Frank Lannigan made application (no date indicated) to the Montague Town Council to rezone his property (Provincial Property Number 197954) located at 212 Kennedy Street from Residential (R1) to Commercial General (C1). (Exhibit 12.)

Town Council held a public meeting on the matter on Tuesday, February 15, 1994. (Exhibit 7.)

At a special meeting of the Montague Town Council on Friday, February 25, 1994, Council gave second and final reading and passed a motion in favour of rezoning the property. (Exhibit 5.)

On March 9, 1994, David S. Peardon appealed the decision of the Town Council to The Island Regulatory and Appeals Commission. (Exhibit 3.)

The Commission heard the appeal on Wednesday, April 20, 1994, in Montague.

II. EVIDENCE AND ARGUMENTS

A. Appellants

Arguments for the Appellants, as presented during the hearing, fall into two broad categories and can be summarized as follows:

1. The Impacts of Rezoning

A rezoning of the property for commercial use and developing a business which consists of a combined lounge and restaurant could constitute a nuisance to the residents of the area.

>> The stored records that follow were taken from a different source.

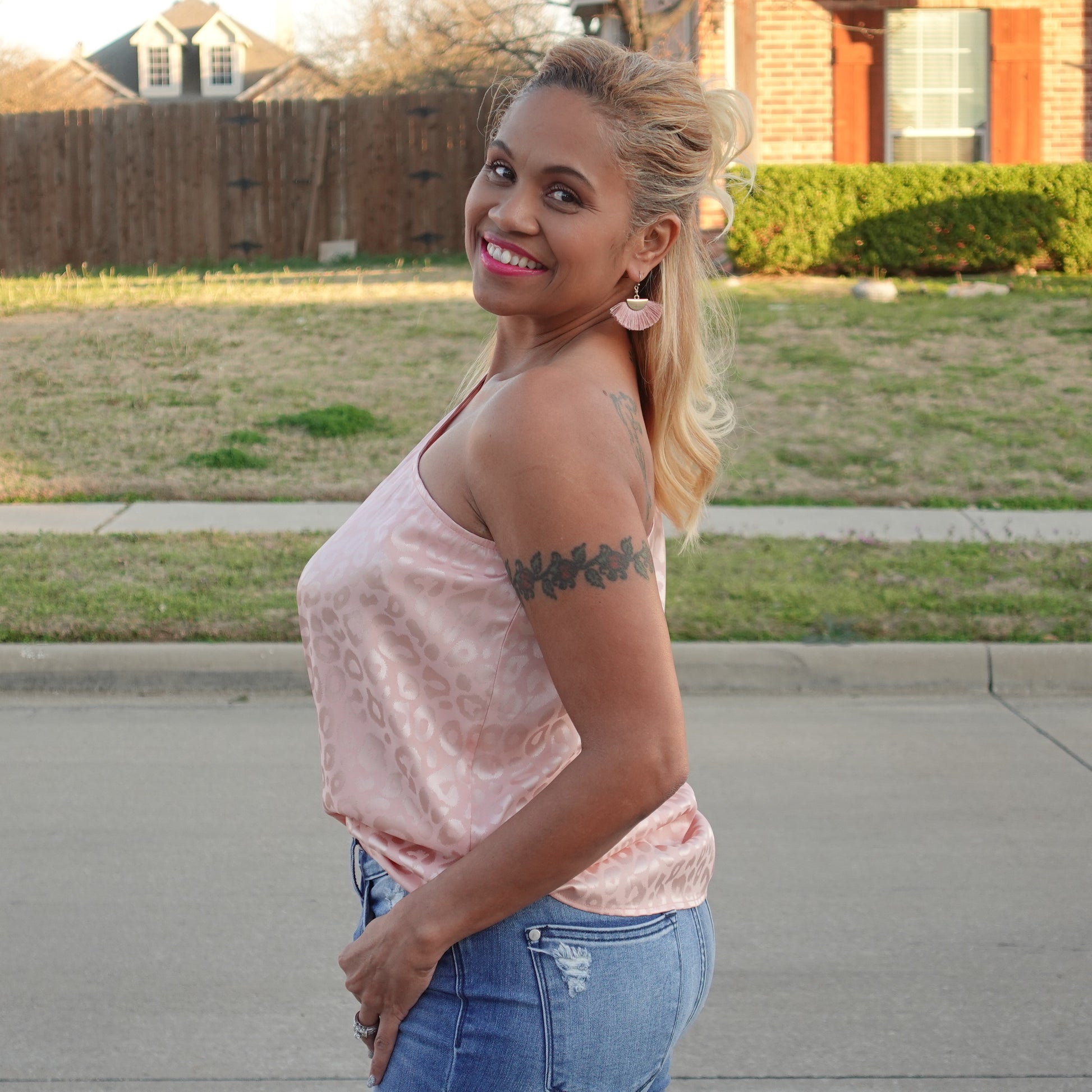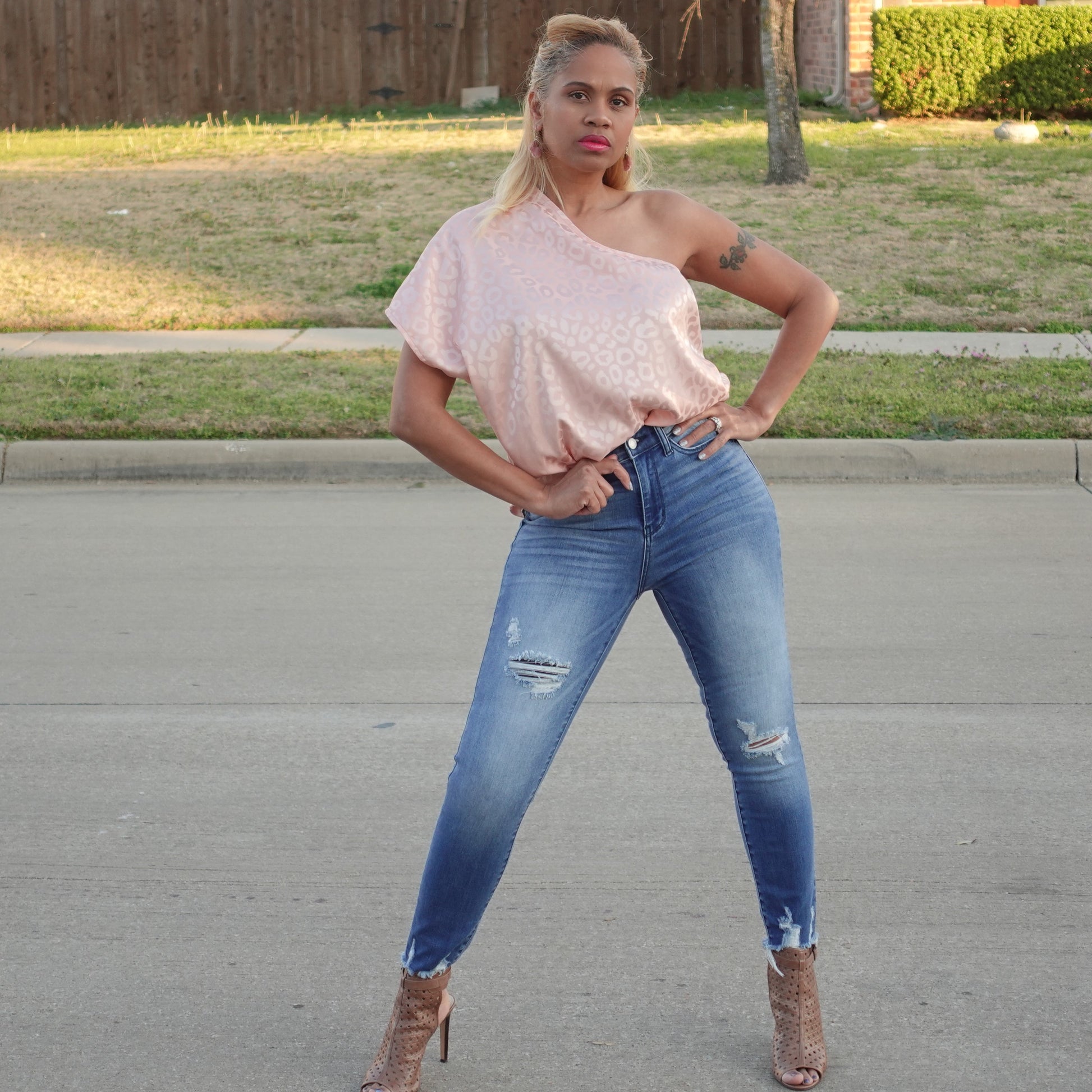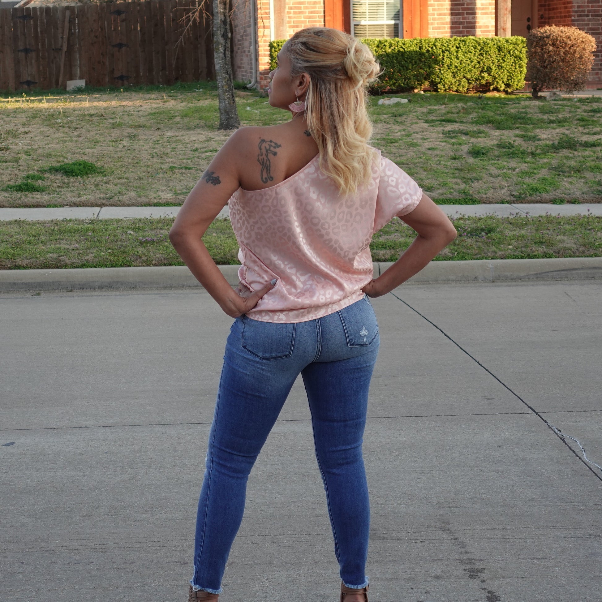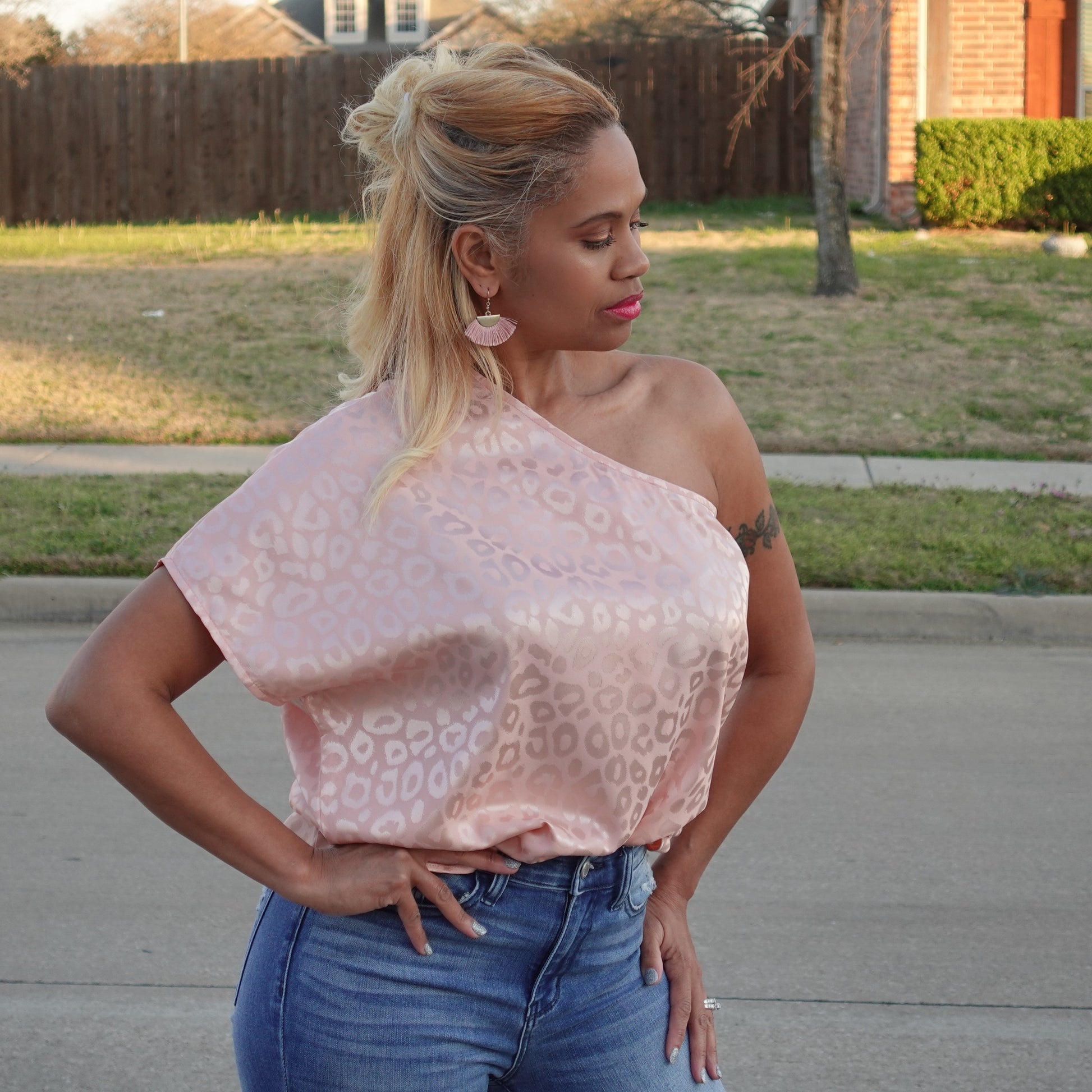 This lightweight top is a Beauty! Its features a Sexy one shoulder asymmetrical off the shoulder neckline with light shades of blush pink. Perfect for a night out on the town! You can pair it with jeans and a heel or for a more casual look pair it with scandals.
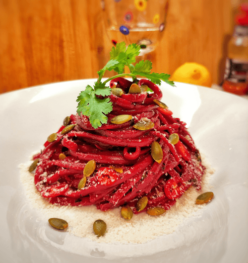 Spaghetti with chili and red wine is a bold and sophisticated dish of Italian cuisine that combines the richness of wine with the spicy heat of chili. This original variation of classic pasta fills the flavor with depth, thanks to caramelized garlic, a hint of sweetness from beets, and the warming aroma of red wine. Subtle notes of spices create harmony, while pumpkin seeds add a pleasant crunch. This dish is perfect for a cozy dinner with a glass of wine and captivates with its elegance. The history of such recipes traces back to the traditions of using wine in Italian gastronomy, where it not only accompanies food but becomes part of it, enriching the taste. Spaghetti with chili and red wine is a choice for connoisseurs of unusual combinations and refined cuisine.
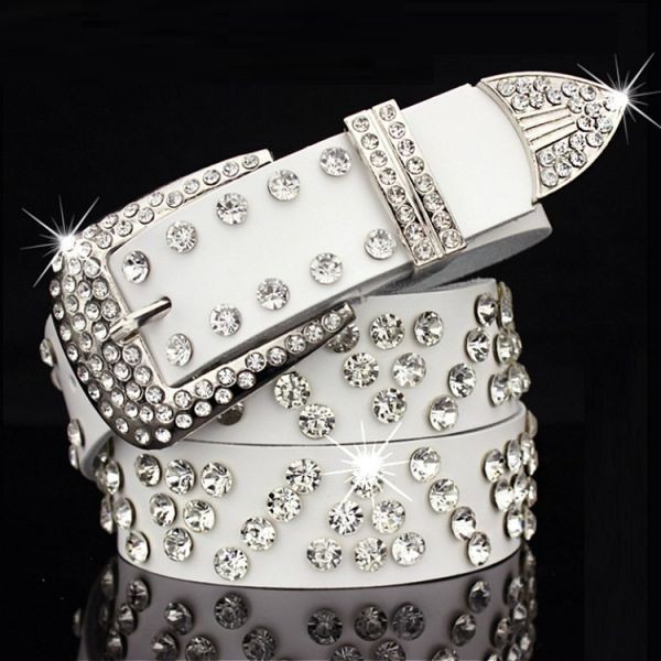 ベルト【j25】 ラインストーンベルト キラキラ スタッズベルト パンク クリスタル 白 レディース 調整可能 PUレザー ジーンズ 2

The residents of the area fear that rezoning the property for commercial use will lead to fighting, public drunkenness, excessive noise, and property damage. The residents believe that their security and safety will be affected which will lead to the degradation of their quality of life.

The Appellants contend that property values will also decrease if the property is rezoned and businesses continue to develop. The development, if permitted, will allow one person to profit at the expense of others.

2.    Planning Policy

The property in question is surrounded by residential homes and the proposed commercial development is totally incompatible. This rezoning goes against the natural zoning of the neighbourhood.

B. Town of Montague

Arguments for the Town of Montague can be summarized as follows:

No further commercial development can occur in the Tudor Hall building without additional parking. Council investigated all avenues to acquire more parking, however, the only available alternative is to rezone the subject property to commercial and develop this as a parking lot.

At the public meeting, the public voiced their opinion both for and against the rezoning proposal. Council weighed these arguments and decided that the need for parking was important. Based on the best interest of the Community, the Council made a decision to rezone the property commercial to allow the parking lot to be developed.

C. Property Owner

Arguments for the property owner can be summarized as follows:

In making its decision to rezone the property, Council considered the "larger" picture of what was good for the Community. Council made this decision after giving full consideration to the objections raised by area residents.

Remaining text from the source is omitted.